“问问放心。”万立文眼睛不自觉朝上方乱瞟。
继续加了点温水,“他们两口子在江城生活二十多年,找找朋友和关系,省得疑神疑鬼地以为我骗他们。”
“都是一家人,不可能骗人。”
“他不怕我报复他啊?当初给我下套,我可是差点因为盗卖国有资产进去,这是化不开的仇。”
一提筷子,麻酱拉出一条线,“刚好,比例对,水量对,手法对,全都对上了才叫麻酱。”
筷子一敲碗,“就像这世间的事儿,你觉得是巧合,我却认为是安排好的。种瓜得瓜,种豆得豆,种什么因得什么果,王前进转业方向磕磕绊绊,都是他作孽的福报。”
“我话说清楚,城建局定向接收转业干部是5000块,定岗2000块起,上不封顶。”
万立文听话听音,忙问道:“不封顶是什么意思?”
“办公室、人事处、法规处、市政处、住房管理处、建筑管理处,门道多去了。每个处下面还有各个业务科室,负责管理的范围也不同,你是坐着拿钱还是天天出外跑不挣钱,全看屁股坐在哪儿。”
“所以,您觉得科长都一样吗?既然不一样,价格自然也不一样,7000块包干是让他转业当科长,可没说指定岗位,差不少钱呢。”
“定向接收为啥要5000块那么贵?”
“脚踩进城建局的大门才能继续后面的分配,站在大门外嚷嚷什么也得不到。我说老万同志,你就让他们两口子自己跑跑,别总像屎壳郎一样,天天推着粪球回家恶心我。”
“你说的都是什么话?”
“官场话,没钱别求官,有本事的不用钱,但是大部分人都没本事,如我这般强,现在也仅仅是个处长。还有一种情况,有个好爹,您要是省委会里的,将来我就能上省部级。”

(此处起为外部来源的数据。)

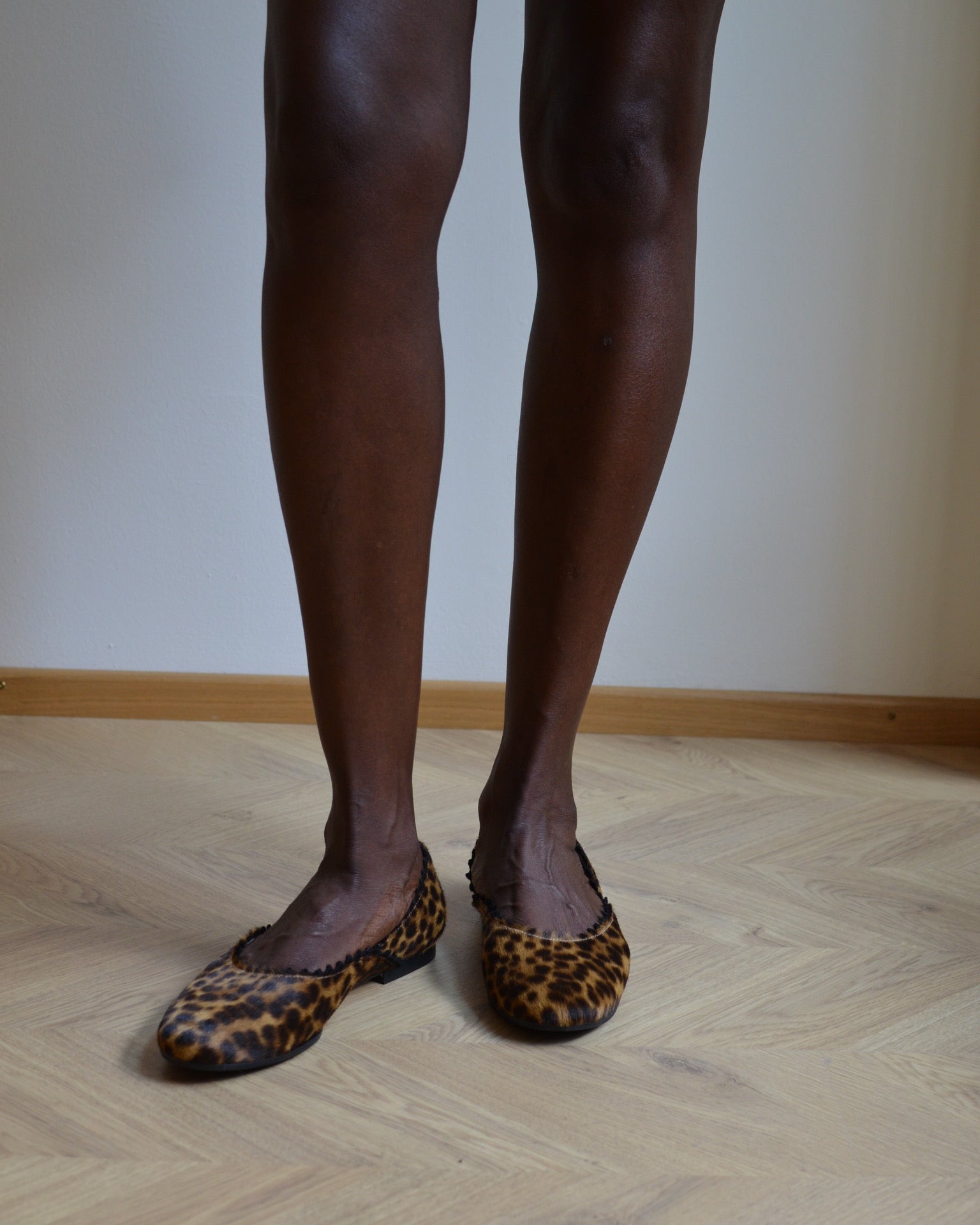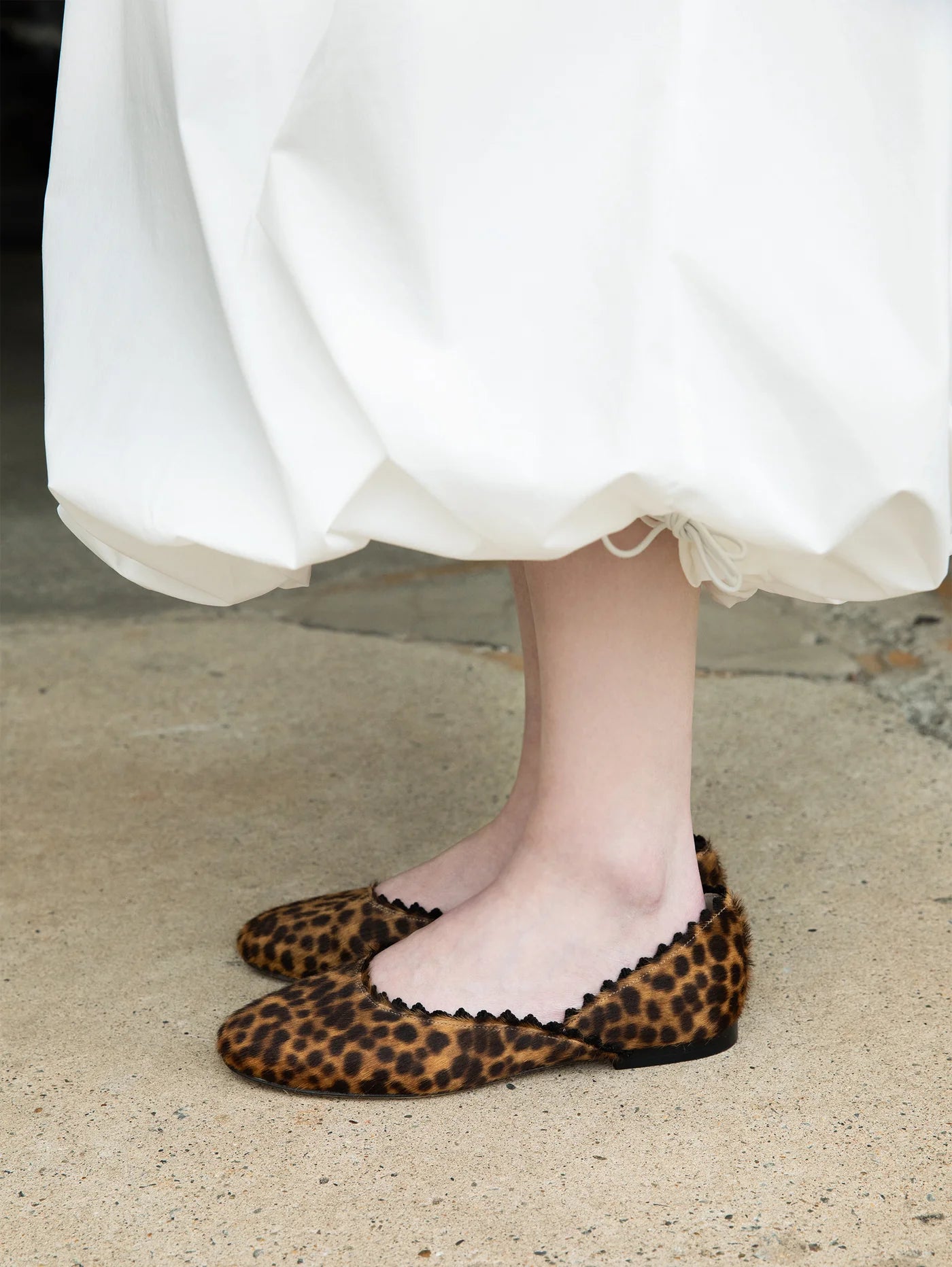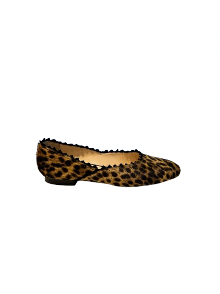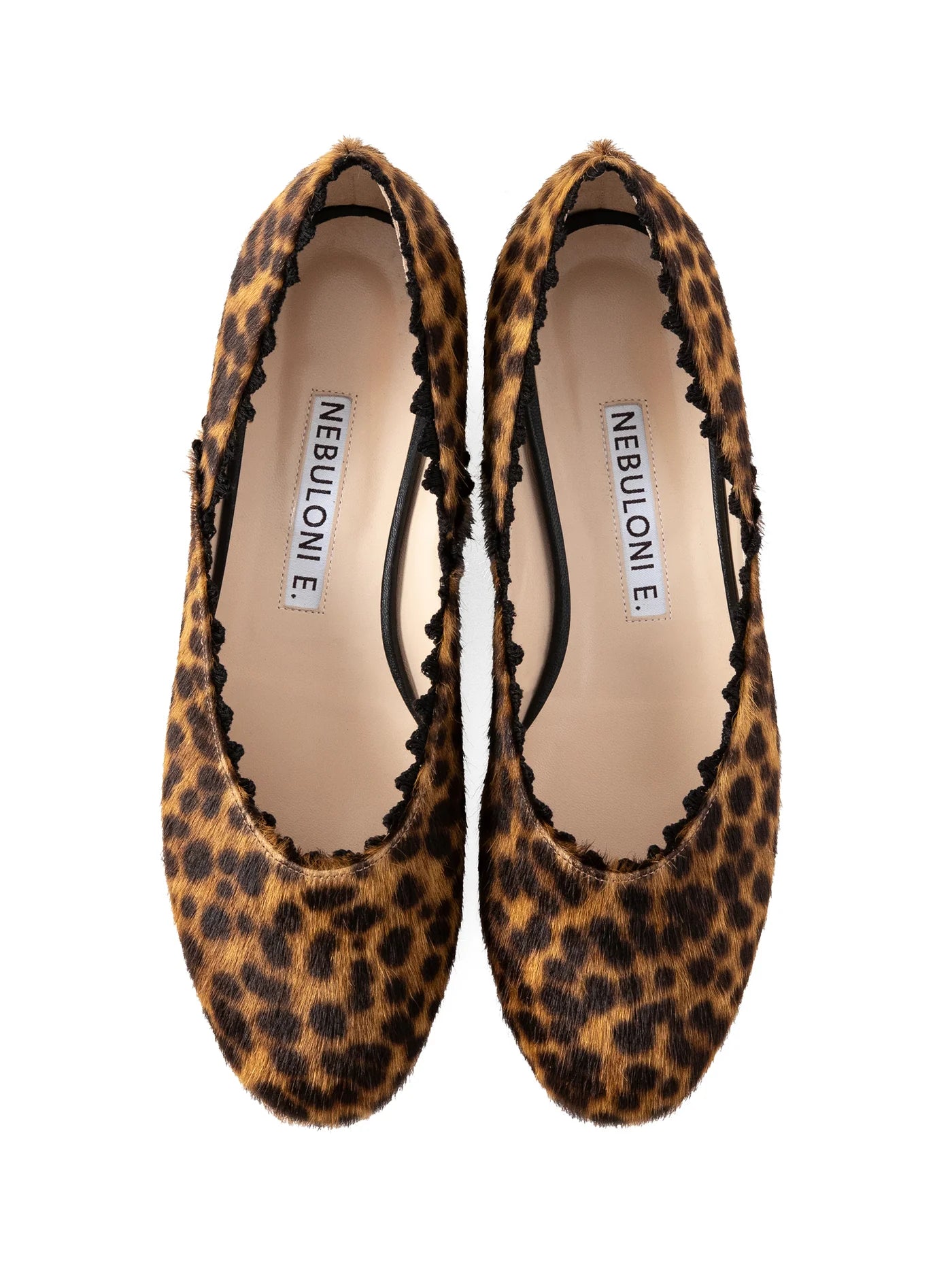 A sophisticated reinterpretation of a timeless classic. These flats are crafted in genuine haircalf leather, finished with delicate lace trimming that lends subtle definition to the silhouette. The leopard motif is artfully balanced—bold enough to make a statement, yet understated enough to blend seamlessly into a refined wardrobe. Elegant side cut-outs elongate the line of the foot, creating a look that is both graceful and modern.

万立文在厨房里发呆,万善端着麻酱回到饭桌,帮维维拌到饭里吃。
“你爸跟你说啥了?”
“他说再盖两间房,明年老二出来了,家里再请一个保姆,将来俩孩子一人一个房间。”
“他说的?”
梁秀琴满脸写着不信,“他突然关心起家里,指定有猫腻。老大,你现在跟我也不说实话?”
“就王前进的事儿,您听了跟着上火,不如不听。”
“我跟他上火?他也配!”梁秀琴扒拉两口饭,“但是加盖房子这事儿要抓紧,小棠说明年四月份预产期,眼瞅着快到国庆,加油干也得一个来月。上冻之前弄好,再烧一冬天火墙,明年房子正好干透了。”
“不用费事儿,后院西房改一下,能隔出两个房间,再盖个洗手间就行。”
“厕所盖两间吧,咱家现在就七口人,明年八口。每次上厕所还排队,洗个澡等老半天。”
“没问题,半个月就能搞好。”
梁秀琴不放心,还是问了句,“让你帮王前进安排工作?”
万善拿过万维莘剩饭碗,“那怎么可能?我告诉他城建局有个科长空缺,最少7000块。”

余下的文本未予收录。